The researchers wrote a paper about their technique, and they plan to present their findings at a computer graphics and interactive techniques conference next month.
“The idea is to use the technology for better communication between people,” says Ira Kemelmacher-Shlizerman, a co-author of the paper and an assistant professor in the department of computer science and engineering at the University of Washington. She thinks this technology could be useful for video conferencing—one could generate a realistic video from audio, even when a system’s bandwidth is too low to support video transmission, for example. Eventually, the technique could be used as a form of teleportation in virtual reality and augmented reality, making a convincing avatar of a person appear to be in the same room as a real person, across any distance in space and time.“We’re not learning just how to give a talking face to Siri, or to use Obama as your GPS navigation, but we’re learning how to capture human personas,” says Supasorn Suwajanakorn, a co-author of the paper. Not surprisingly, several major technology companies have taken notice: Samsung, Google, Facebook, and Intel all chipped in funding for this research. Their interest likely spans the realms of artificial intelligence, augmented reality, and robotics. “I hope we can study and transfer these human qualities to robots and make them more like a person,” Suwajanakorn told me.

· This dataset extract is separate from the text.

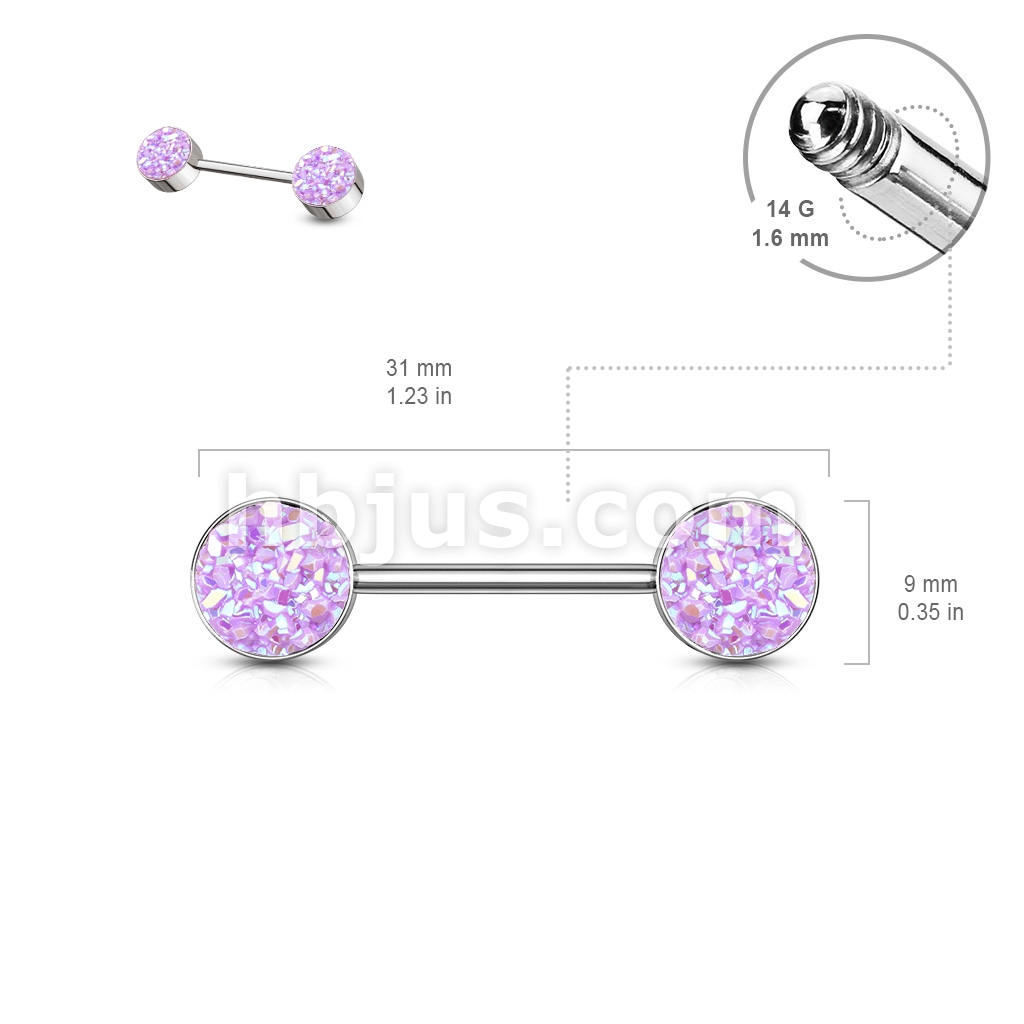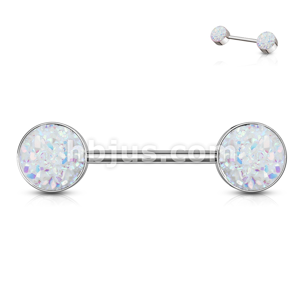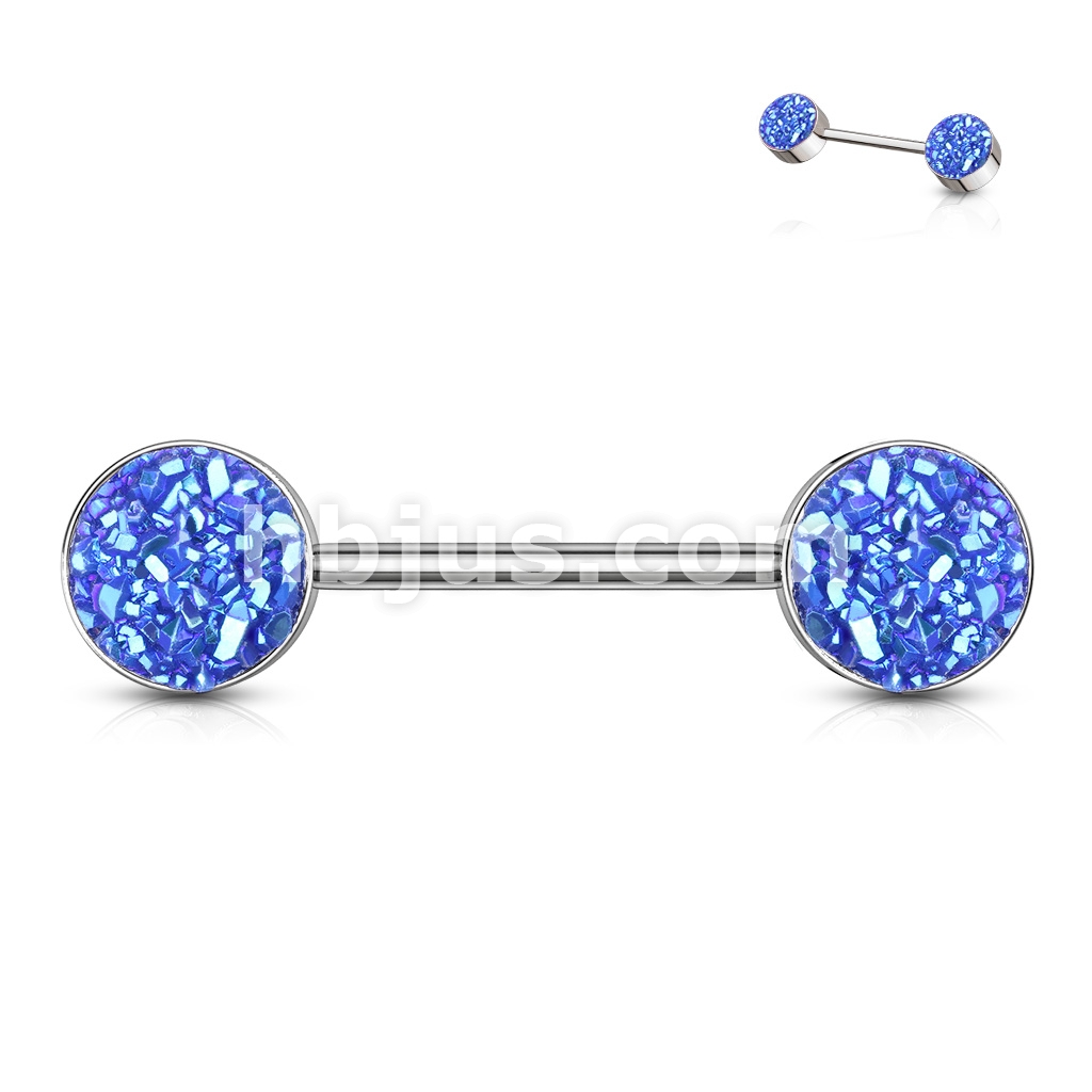 Druzy Stone Set Ends 316L Surgical Steel Barbell Nipple Rings

Quite clearly, though, the technique could be used to deceive. People are already fooled by doctored photos, impostor accounts on social media, and other sorts of digital mimicry all the time.
Imagine the confusion that might surround a convincing video of the president being made to say something he never actually said. “I do worry,” Kemelmacher-Shlizerman acknowledged. But the good outweighs the bad, she insists. “I believe it’s a breakthrough.”
There are ways for experts to determine whether a video has been faked using this technique. Since researchers still rely on legitimate footage to produce portions of a lip-synched video, like the speaker’s head, it’s possible to identify the original video that was used to create the made-up one.
“So, by creating a database of internet videos, we can detect fake videos by searching through the database and see whether there exists a video with the same head and background,” Suwajanakorn told me. “Another artifact that can be an indication is the blurry mouth [and] teeth region. This may be not noticeable by human eyes, but a program that compares the blurriness of the mouth region to the rest of the video can easily be developed and will work quite reliably.”
It also helps if you have two or more recordings of a person from different views, Suwajanakorn said. That’s much harder to fake. These are useful safeguards, but the technology will still pose challenges as people realize its potential. Not everyone will know how to seek out the databases and programs that allow for careful vetting—or even think to question a realistic-looking video in the first place. And those who share misinformation unintentionally will likely exacerbate the increasing distrust in experts who can help make sense of things
“My thought is that people will not believe videos, just like how we do not believe photos once we’re aware that tools like Photoshop exist,” Suwajanakorn told me. “This could be both good and bad, and we have to move on to a more reliable source of evidence.”
But what does reliability mean when you cannot believe your own eyes? With enough convincing distortions to reality, it becomes very difficult to know what’s real.